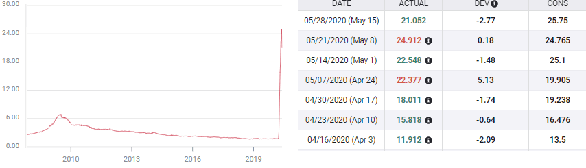 The drop in continuing claims in the week of May 15, 2.446 million new claims were filed that week, is the first evidence that the reopening of many state economies that started with Georgia on April 26 has started to pull people back to work, removing them from the benefits list.
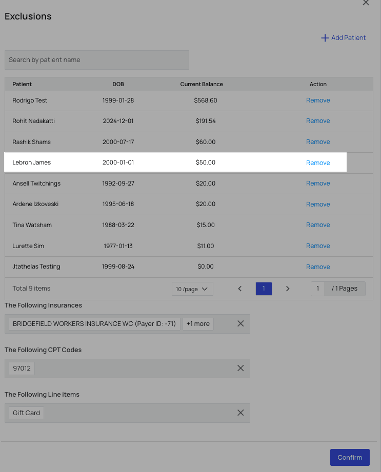 Use the Exclusion Settings to ensure that specific patients, or patients with specific insurances, CPT codes, or line items, do not receive automated patient statements.
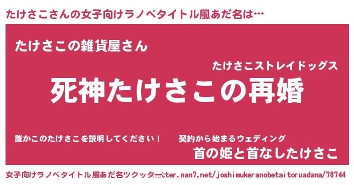 | 男性向けラノベタイトル風あだ名 | 『ノーゲーム・ノータケサコ』 |
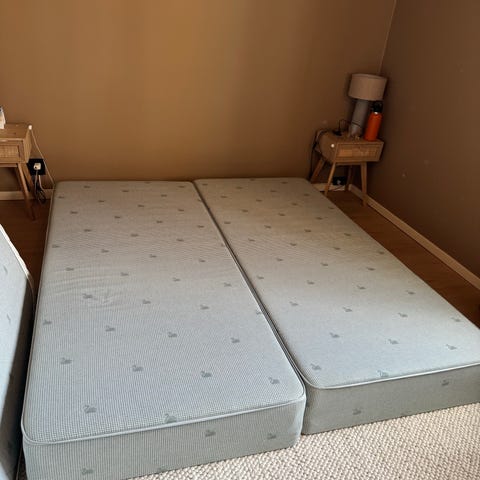 Sengen er både medium og fast. Både overmadrass og trekk til sengen er nyvasket. Ingen flekker!
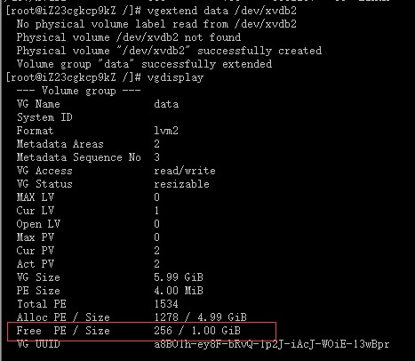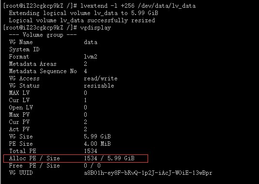 目前ECS磁盘已支持原地扩容,无需购买新磁盘来增加LVM单个分区的大小,操作方法如下所示: 1、控制台操作磁盘扩容后,可以看到磁盘已是6G(原有大小5G) 但系统内fdisk -l /dev/xvdb查看还是5G大小 2、系统中将已挂载的分区取消挂载 3、取消逻辑卷的激活状态 4、控制台操作将磁盘卸载 5、控制台重新挂载磁盘 6、fdisk -l /dev/xvdb可看到磁盘空间变大了 7、fdisk /dev/xvdb对磁盘进行分区操作,添加一个分区并保存 8、fdisk -l /dev/xvdb此时有2个分区,分别是/dev/xvdb1和/dev/xvdb2 9、将新增的分区加入到卷组中,vgdisplay可看到Free PE有多出来 10、lvextend -l +256 /dev/data/lv_data增加空间进来,vgdisplay可查看到Free PE为空了 11、resize2fs /dev/data/lv_data变更分区大小 12、挂载分区可查看到空间变大了,原有数据还在。 请注意:操作示例中data是VG名称,lv_data是逻辑卷名称,请根据实际情况填写
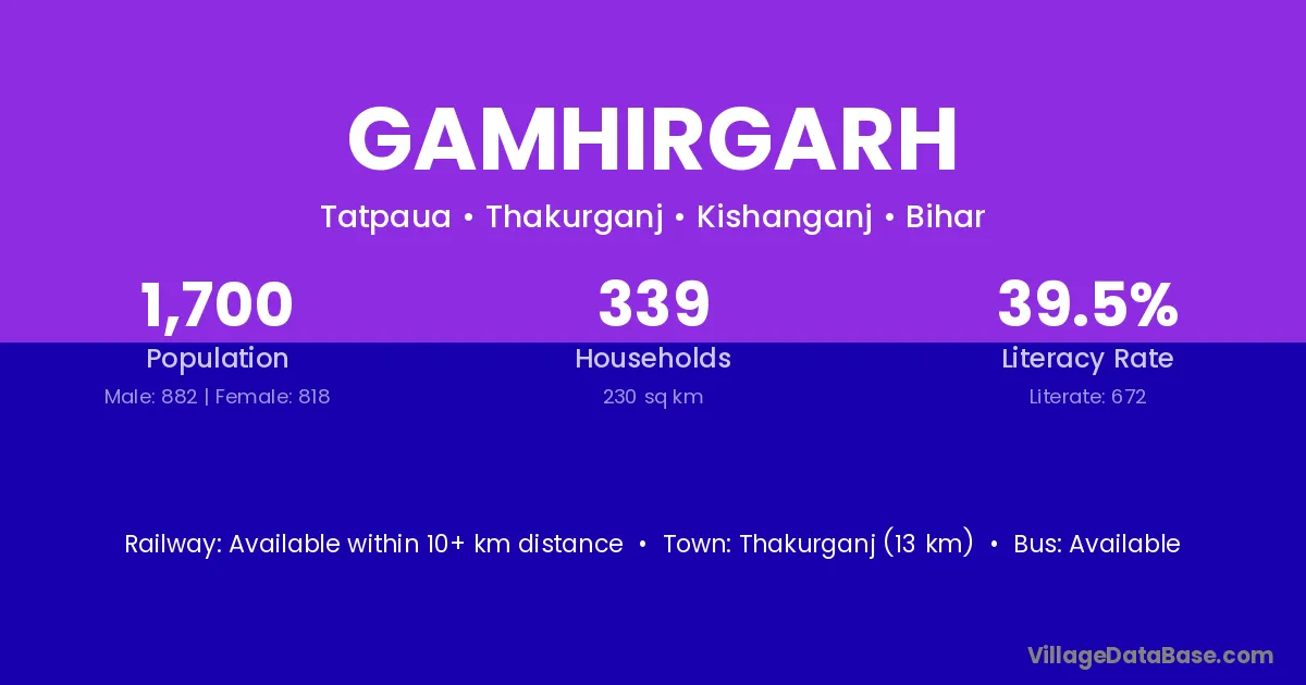 Thakurganj (13 km) is the nearest town to Gamhirgarh village for major economic activities and is located approximately 13 km away.
■ ■ ■ ■ ■ ■ ■
• [Task brief]:
Above are some records. Reproduce the lines from the one with "Use the Exclusion" down to the one with "Sengen er både", keeping both, and leave every picture out.

• [Response]:
 Use the Exclusion Settings to ensure that specific patients, or patients with specific insurances, CPT codes, or line items, do not receive automated patient statements.
 | 男性向けラノベタイトル風あだ名 | 『ノーゲーム・ノータケサコ』 |
 Sengen er både medium og fast. Både overmadrass og trekk til sengen er nyvasket. Ingen flekker!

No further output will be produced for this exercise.